Юзек Оконь внезапно приседает и шлепает себя по колену.
— Бедняжка ты! — кричит он растроганно. — Деточка наша любимая, чтоб мне рая не видеть!
— Будет! — успокаивает их Балч. И Агнешке: — Слышите! Голос народа. Итак…
Он вопрошающе поднимает брови и, затаив насмешку в невинном взгляде, ждет, чтобы она выразила удовлетворение. Агнешка отводит глаза и перехватывает встревоженный стыдливый взгляд Семена. Ему она и передает стакан Пащука — до стола ей не дотянуться.
— Плохо, — говорит она еле слышно, — что я вам не мешаю. Я хочу вам мешать. Шла сейчас к вам и нашла на дороге брошенный плуг. Чей он? А на берегу вас ждут лодки. В домах вас ждут жены и дети. Ждут и плачут. Они вас боятся. Почему? Войны давно уже нет, зато весна все ближе. Кончайте вы это пьянство. Не пейте хотя бы здесь — это самое худшее. — Она махнула рукой в направлении темной комнаты по ту сторону свода. — Кончайте, а я вам за это…

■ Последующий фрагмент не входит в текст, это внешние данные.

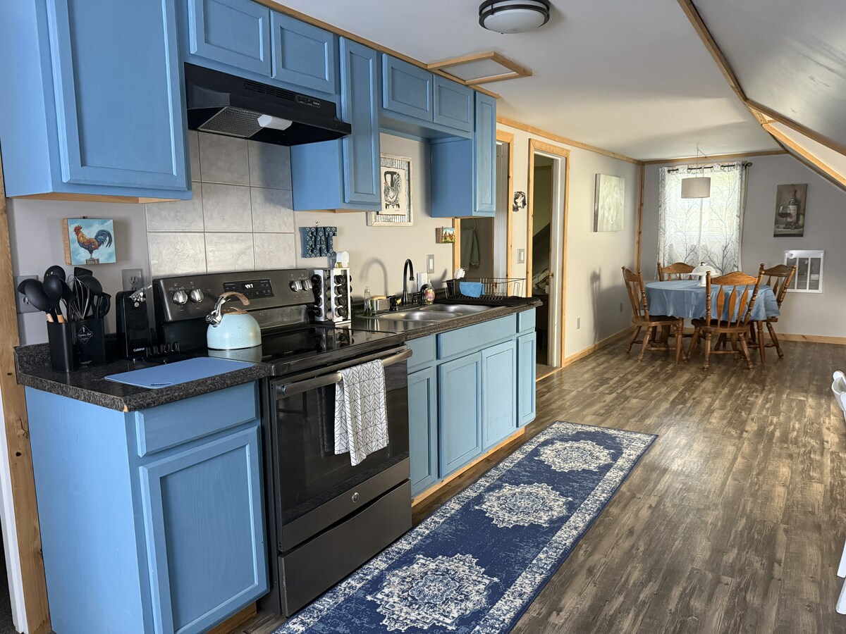 Disfruta de nuestra escapada al campo en 130 acres, a pocos minutos de la Universidad Clarkson, SUNY Potsdam, St. Lawrence University y SUNY Canton. Explora nuestro establo de caballos, rutas de senderismo, arroyo o relájate junto al estanque. ¡También estamos ubicados cerca de excelentes senderos para motos de nieve y esquí! El apartamento tipo estudio se encuentra encima de un garaje de nueva construcción, que no está unido a nuestra casa, por lo que tienes mucha privacidad. Es un diseño abierto con una cama tamaño queen, un sofá cama y una cama nido doble que se puede sacar.
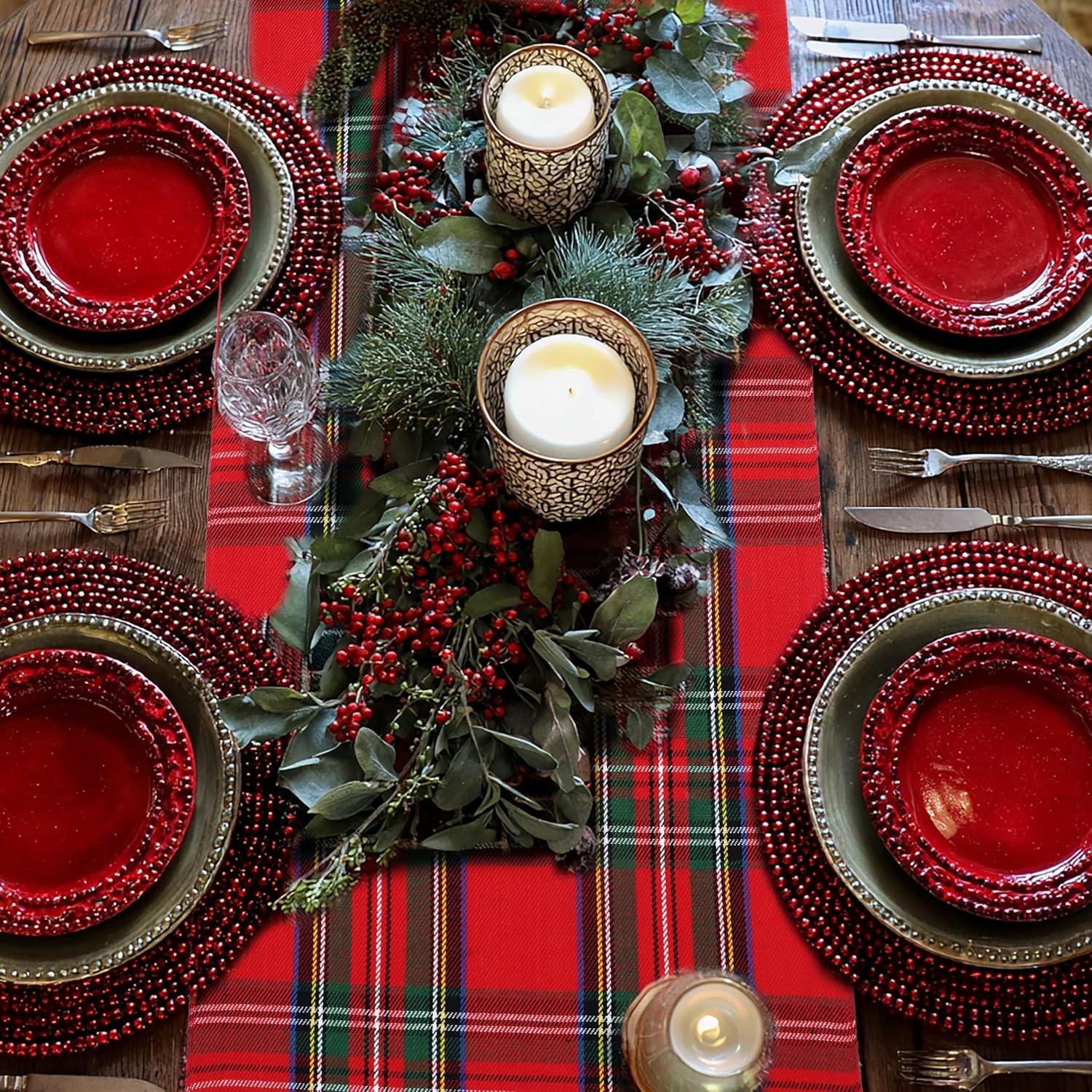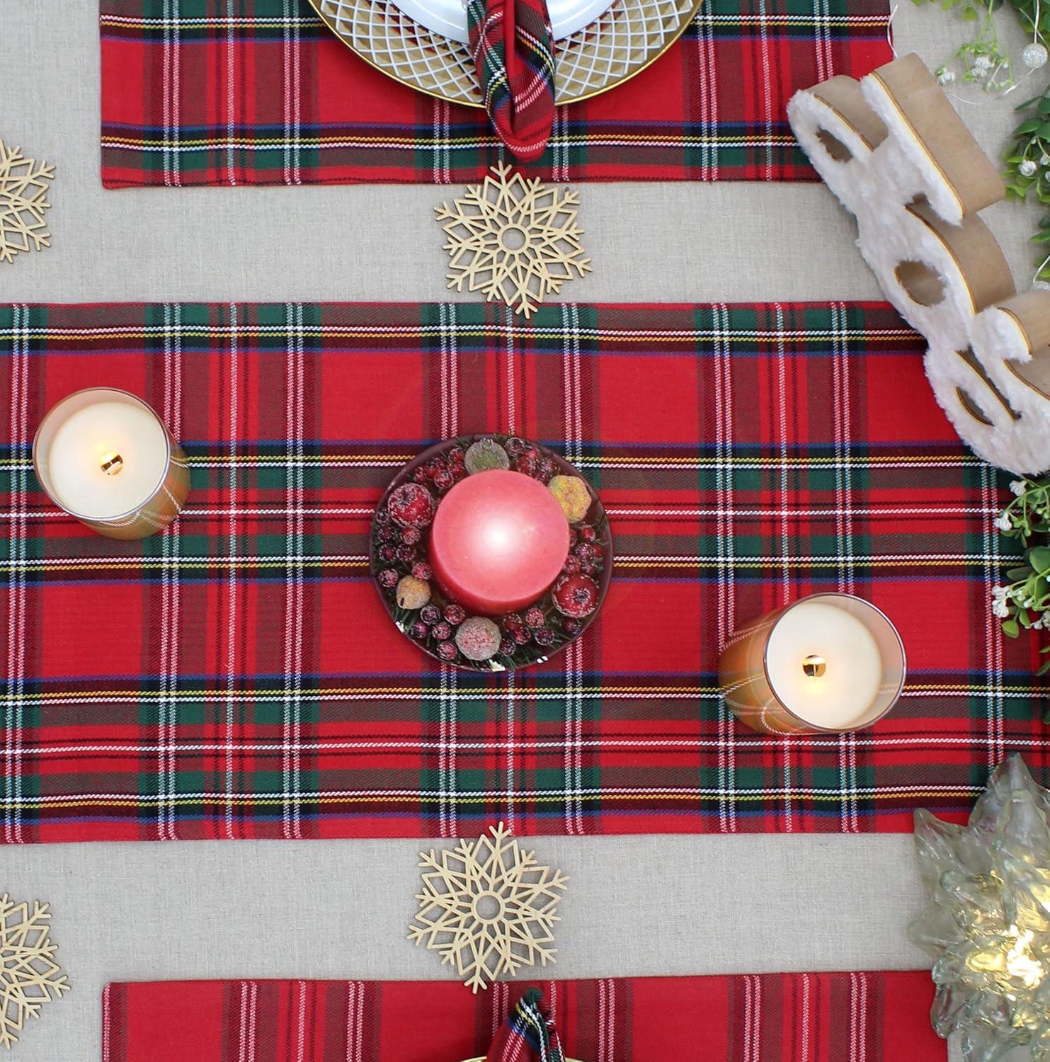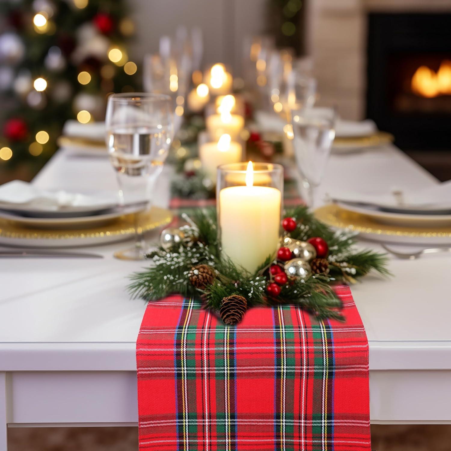 COTTON CRAFT Christmas Table Runner – Xmas Tartan Plaid Festive Tablerunner – Pure Cotton Gingham Buffalo Check Reusable Decorative Holiday Party Celebration Table Décor – 13×72 Inch – Red Green Multi(Red Green Multi Plaid)
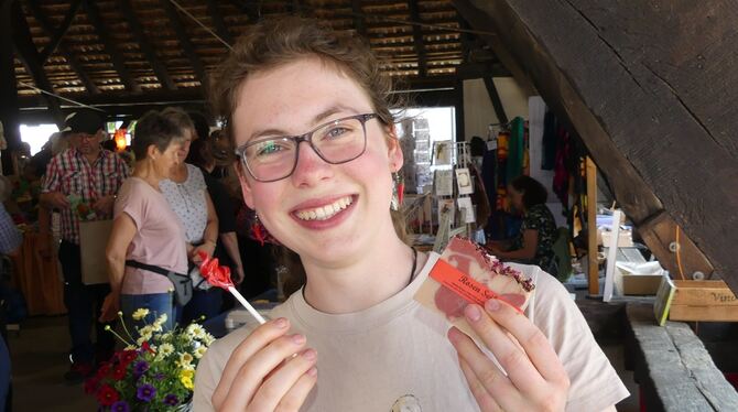 Lolly von der Bonbonmanufaktur gedreht, Rosenseife von den eigenen Eltern gezaubert: Johanna Görlach zeigt zwei Besonderheiten auf dem Pfingstkunstmarkt. Mit ihren 14 Jahren weiß sie schon, dass sie später auch Seifen sieden will. FOTO: SANDER
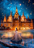 Картина по номерам «Девушка в платье идет к светящемуся замку» 40x50 см
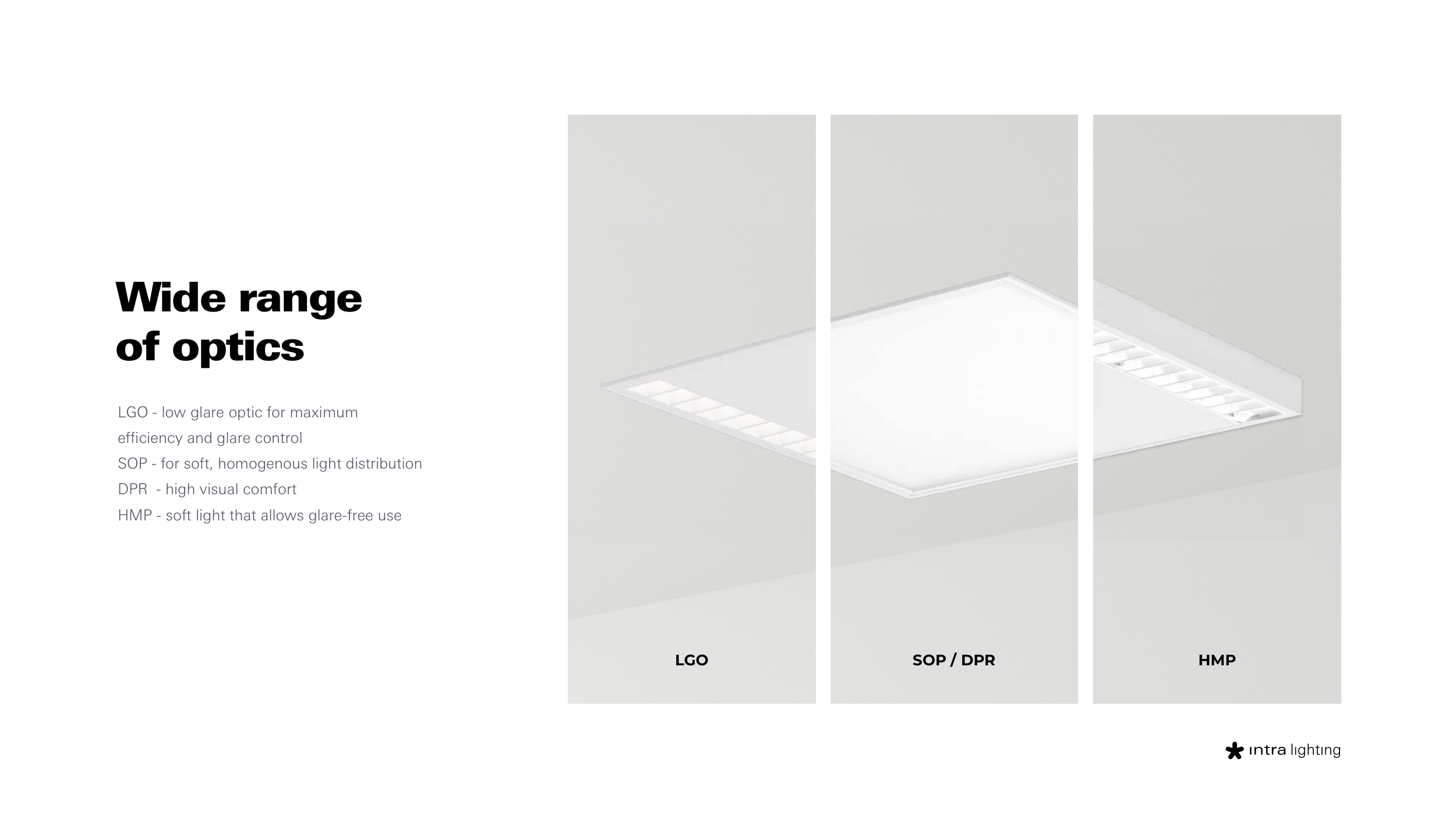 LGO - low glare optic for maximum efficiency and glare control SOP - for soft, homogenous light distribution DPR - high visual comfort HMP - soft light that allows glare-free use Wide range of optics LGO SOP / DPR HMP BACK TO INDEX

Не хватило ей дыхания. Перед глазами качаются сверкающие стаканы, стопки, качаются, приближаясь и удаляясь, лица, самые разные — и молодые, и изборожденные морщинами, и тупые, и равнодушные, и язвительные, и высокомерные, и несколько вроде бы сочувственных… Ее собственные слова на миг куда-то ушли от нее, она не может схватить их, вернуть.
— …а я вам за это отдам все, — слышит она произнесенные мягко и вполголоса слова и повторяет их безвольно и покорно:
— …а я вам за это отдам все.
Секунда тишины, потом кто-то громко прыснул, не выдержали и другие; ужасный, чудовищный хохот, а еще, едва она повернула голову, как бы надеясь в душе на помощь, как сразу увидела его широко оскаленные зубы, но вот они снова сжаты и губы тоже сомкнуты. Однако спущенное с привязи буйное мужское веселье все нарастает — полукруг смыкается, сверкает и звенит стекло, иные обнялись, иные тянутся к ней, обступают вплотную, суют ей в рот стаканы, с пьяной назойливой фамильярностью все смелее трогают ее руками: любимая наша, любимая, лю… — вот тебе цирк и балет, цирк, цирк, цирк…
Но тут же, прямо перед ней, и светлые волосы Семена, у нее на плечах его руки. Он легонько подталкивает ее назад, тянет в сторону.
— Я вам письмо привез… — говорит он ей тихо и сует в карман юбки конверт, но Агнешка не слышит и не понимает его слов.
В этот миг Балч с маху ударяет Семена по руке, отталкивает.
— Стой! Молчать!
Агнешку опять отделяют от всех несколько шагов. Мужчины непонимающе смотрят на Балча, словно бы снова ждут от него неожиданной выходки. В его переменчивом беспокойном взгляде светится какая-то мысль, какое-то желание — вот оно созреет и заставит их либо напугаться, либо загоготать — они еще сами не знают. Он не пьян, озаряет вдруг Агнешку открытие, он болен.
Он распустил веревку, перехватил ее посередине и щелкнул в воздухе. Все отскочили к стене. Он опять хлестнул. Со стола, с буфета, звеня, дребезжа и разбиваясь об пол, посыпались бутылки, стаканы, консервные банки.